In Bankruptcy, Are D&O Policy Proceeds Considered Estate Property?
October 2004
Heightened by the Enron and WorldCom bankruptcies, there has been increasing interest in the corporate boardroom in whether D&O policy proceeds are assets of a corporate debtor's bankruptcy estate and, if so, whether the directors and officers nevertheless can obtain relief from the automatic stay to access those proceeds. Insurers' marketing materials now abound with suggestions that D&O policies should be remade to exclude coverage for securities claims against the corporation itself (entity coverage) because the presence of that coverage may tip the scale in favor of a court holding the D&O policies' proceeds are bankruptcy estate assets. Entity coverage, the argument goes, unlike coverage to the directors and officers, provides a direct benefit to the bankrupt corporation and, thus, proceeds of a D&O policy providing entity coverage should be considered a bankruptcy estate asset.
The case law is mixed on this issue. See John H. Mathias, Jr., and Timothy W. Burns, “In Bankruptcy, How Accessible to Directors and Officers Are Their Insurance Policy Proceeds,” Insurance Coverage Law Bulletin No. 8 (September 2002). Recently, the Enron bankruptcy court addressed this issue. Although Enron's D&O policies provided entity coverage to the corporation as well as direct coverage to its directors and officers, the Enron court allowed former directors and officers access to D&O policy proceeds. Enron's policies contained an “order of payments” provision, which granted the directors and officers priority to the proceeds over the corporation and, thus, presented the bankruptcy court with an easy case.

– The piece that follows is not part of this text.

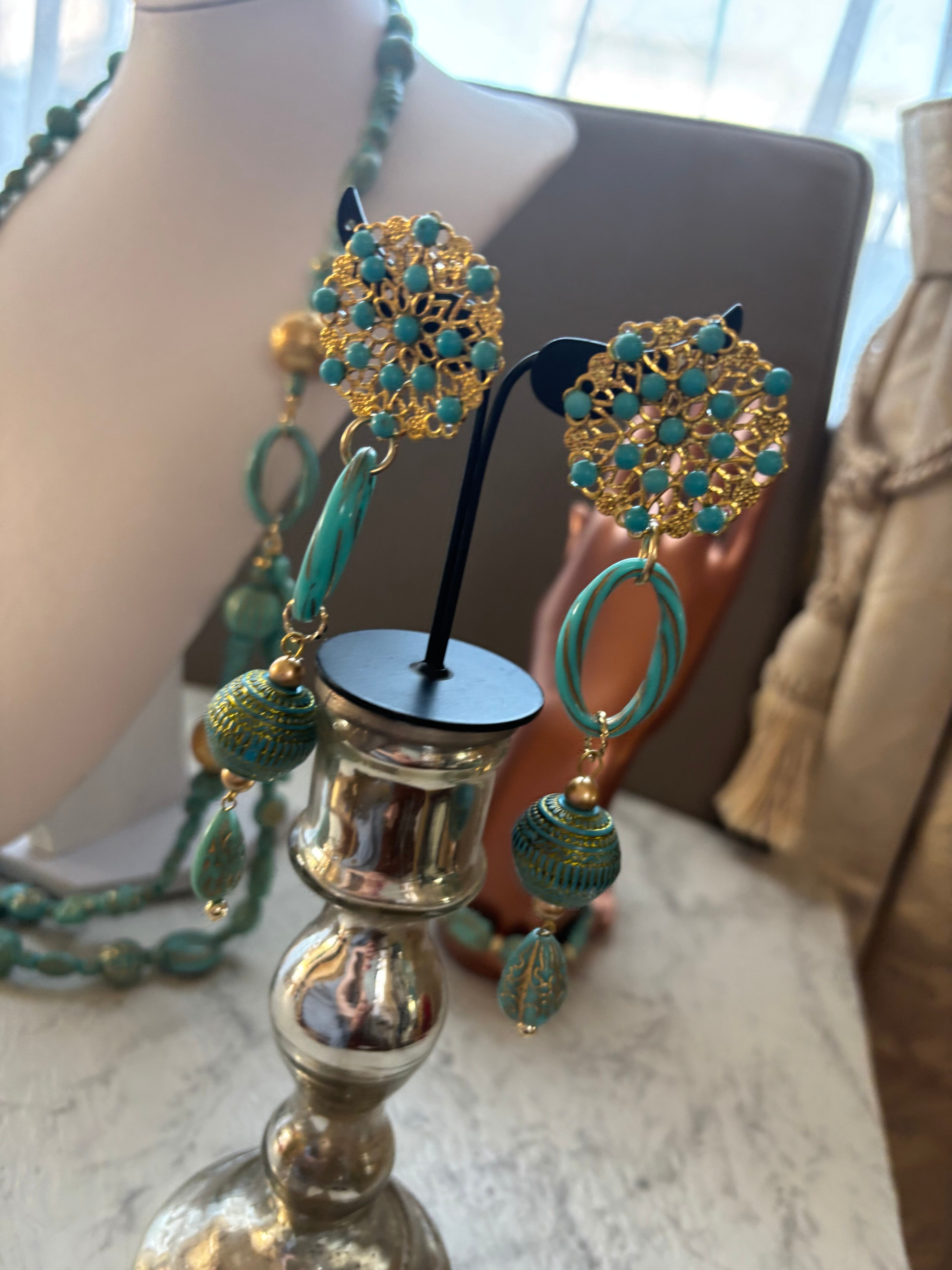 ターコイズブルーのビーズに、金彩がさりげなく光を受けて煌めくデザイン。

In In re Adelphia Communications Corp., Case No. 02-41729 (REG) (Bankr. S.D.N.Y. Nov. 15, 2002), the bankruptcy court was presented with a much more difficult case. There, the D&O policies provided entity coverage to the corporation and direct coverage to the directors and officers, but contained no “order of payments” provision. Faced with motions by directors and officers to lift the bankruptcy stay to allow them access to the proceeds, the bankruptcy court candidly admitted that the case presented a peculiar set of circumstances. According to the court, one of the cocorporate debtors (1) stood a very real chance of paying all creditor claims in full and thus eventually could be in a position to pay securities claims covered under its entity coverage and (2) had made a showing that it would be difficult to retain directors and officers if the D&O policies' proceeds were depleted. Based on these circumstances, the court held (1) that the D&O policies' proceeds were estate assets and (2) the court nevertheless would lift the stay to allow the directors and officers some access to the proceeds. Notably, the court also held that the peculiar circumstances of that case required it to maintain strict control over the disbursement of the proceeds.
The Adelphia decision is uncommon in its rigorous analysis of the myriad issues involved in its holding. Dissecting those issues, the court made a number of statements that may prove useful to directors and officers in other cases in which they seek to obtain D&O policy proceeds. Most significantly, the court noted that it was the rare case in which entity coverage would require a bankruptcy court to hold D&O policy proceeds to be an asset of the estate. According to the court, “[t]hat coverage is rarely meaningful in bankruptcy cases (even in Chapter 11 cases), because under section 510(b) of the [Bankruptcy] Code, claims for securities fraud claims 'arising from rescission of a purchase or sale' of a security or for damages arising from such are subordinated to claims that are senior or equal in priority, and since there are rarely enough assets to pay all creditors in full, debtors rarely are in a position (and do not have a need) to make distributions on more junior claims.”
This article is reprinted with permission from the September edition of Insurance Coverage Law Bulletin, Copyright 2002 NLP IP Company. All rights reserved. Further duplication without permission is prohibited.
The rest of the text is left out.